# With school out for summer, I can watch Arrested Development with a cigar



## jakecartier3 (May 16, 2010)

Sorry for the bad quality, my cell phone camera sucks. Rocky Patel Java Maduro with the new season of Arrested Development.

Evidently the file doesn't want to attach: http://i.imgur.com/UIrzGPD.jpg


----------



## Beeman (Apr 12, 2013)

I'm kind of embarrassed to say this, but I hadn't even heard of Arrested Development until all the hype about the new 4th season. So the other night I sat out on the porch with my laptop started with season one and fired up a smoke. I have to say that was definitely the first time that I had been distracted from a smoke, I freaking love that show.


----------



## jakecartier3 (May 16, 2010)

Nothing to be embarrassed about there, just be thankful that you found it!
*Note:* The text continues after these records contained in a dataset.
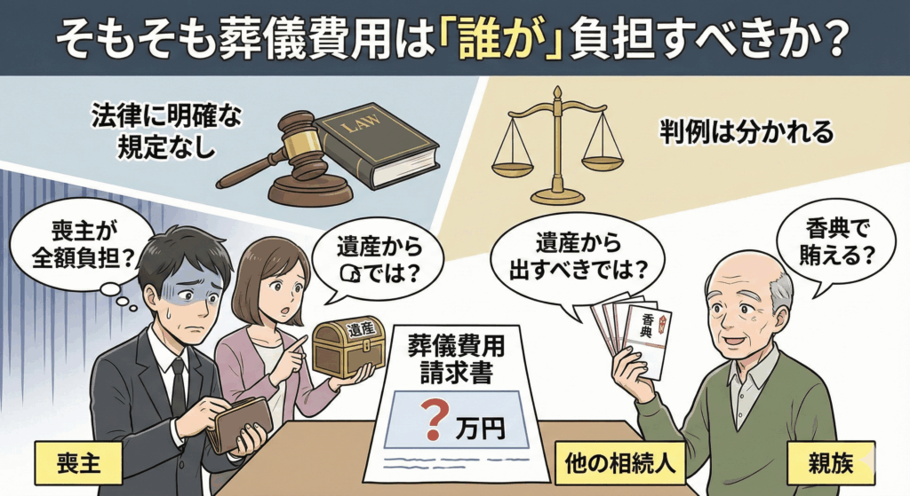「そもそも、葬儀代って遺産から出していいの? 喪主(長男)が自腹で払うべきじゃないの?」 この点については、法律には明確な規定がなく、裁判例も分かれています。
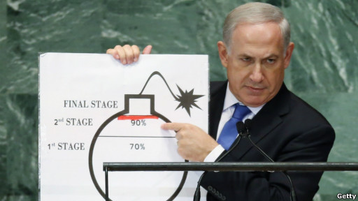 Dalam Sidang Umum PBB, Netanyahu mengatakan Iran bisa memperoleh cukup bahan untuk membuat sebuah bom nuklir pada tengah tahun mendatang, dan sebuah pesan yang jelas dibutuhkan untuk mengentikan Iran.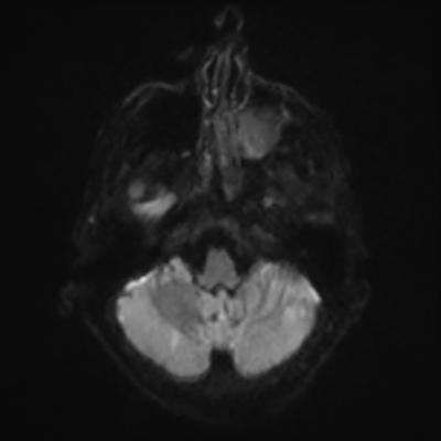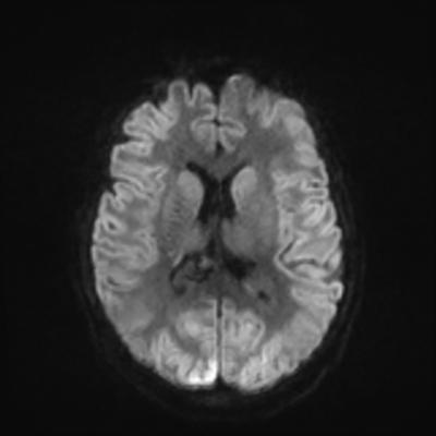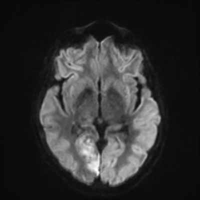 You can clearly see diffuse cortical and basal ganglia diffusion restriction, and that of his deep cerebellar nuclei as well. The right occipital lobe abnormalities are a little more prominent, but then you remember that he is known to have had a right occipital stroke weeks ago.

You'll end up binge watching and chain smoking cigars because you'll be so hooked. (Might be a slight over-exaggeration.)


----------



## craig_o (Aug 9, 2010)

jakecartier3 said:


> Nothing to be embarrassed about there, just be thankful that you found it! You'll end up binge watching and chain smoking cigars because you'll be so hooked. (Might be a slight over-exaggeration.)


There's a lot of money in the banana stand...


----------



## jcorna01 (Apr 26, 2013)

Great show! I can't wait to start watching the new stuff.


----------